### [Work required]
Leaving out the pictures, output the lines from the one that contains "插畫以新國(guó)潮風(f" through the end of the material, exactly as they stand.

### [Input data]
↓

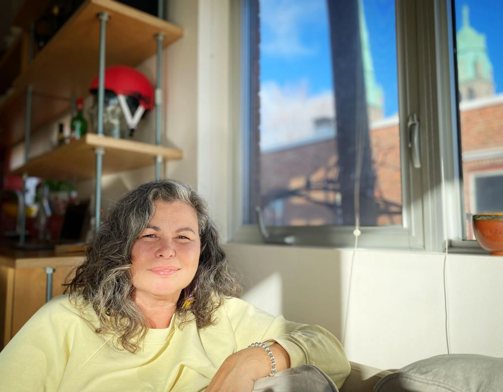 Par la fenêtre, on aperçoit l’église voisine, dont les cloches résonneront par deux fois durant notre entretien. « Pour moi qui est apostasiée, ça me rush », avouera-t-elle avec ses yeux pétillants. Il fait soleil dehors, la lumière reflète joliment sur son visage.
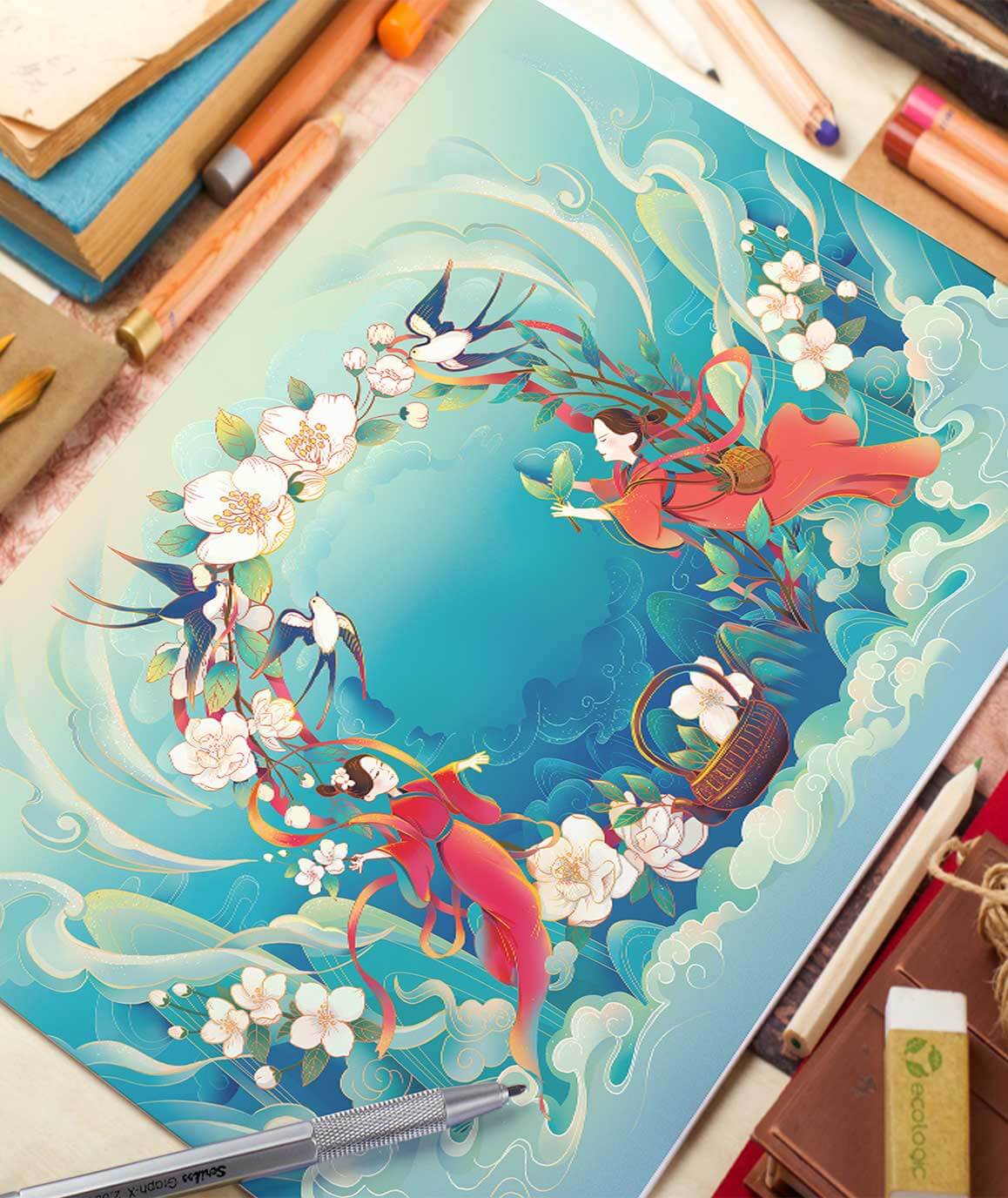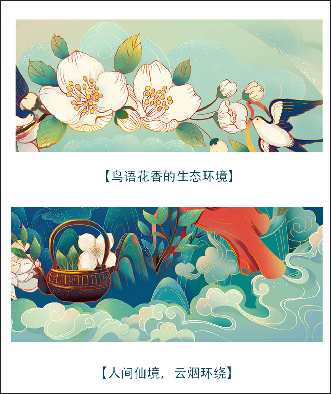 插畫以新國(guó)潮風(fēng)格繪制畫面描繪了“云煙環(huán)繞、鳥語(yǔ)花香"的生態(tài)環(huán)境里采茶與采花的女孩。
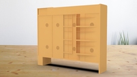 该鞋柜主要由三个部分组成,鞋子烘干部分,长雨伞烘干部分,折叠雨伞烘干部分。左侧由侧板,鞋架,臭氧消杀器,风扇,柜门,顶板组成,右侧由长雨伞烘干部分,折叠雨伞烘干部分,蓄水抽屉,储物抽屉组成。首先将鞋柜连接电源,电源灯亮起,将弄湿的鞋子和雨伞衣柜中,根据鞋子和雨伞的含水量,传感器会自动判断鞋子和雨伞烘干所需要的时间,风扇启动,进行烘干过程,下方的抽屉式水槽可以将鞋子和雨伞上多余的水收集起来。当烘干结束,臭氧消杀器开启,进行杀菌的操作。使得鞋子得到杀菌的目的。以达到在雨季也可以拥有在太阳下晒鞋子的效果。当雨伞和鞋子烘干完成后,机器会自动切断电源。

↑

### [Worked solution]
 插畫以新國(guó)潮風(fēng)格繪制畫面描繪了“云煙環(huán)繞、鳥語(yǔ)花香"的生態(tài)環(huán)境里采茶與采花的女孩。
 该鞋柜主要由三个部分组成,鞋子烘干部分,长雨伞烘干部分,折叠雨伞烘干部分。左侧由侧板,鞋架,臭氧消杀器,风扇,柜门,顶板组成,右侧由长雨伞烘干部分,折叠雨伞烘干部分,蓄水抽屉,储物抽屉组成。首先将鞋柜连接电源,电源灯亮起,将弄湿的鞋子和雨伞衣柜中,根据鞋子和雨伞的含水量,传感器会自动判断鞋子和雨伞烘干所需要的时间,风扇启动,进行烘干过程,下方的抽屉式水槽可以将鞋子和雨伞上多余的水收集起来。当烘干结束,臭氧消杀器开启,进行杀菌的操作。使得鞋子得到杀菌的目的。以达到在雨季也可以拥有在太阳下晒鞋子的效果。当雨伞和鞋子烘干完成后,机器会自动切断电源。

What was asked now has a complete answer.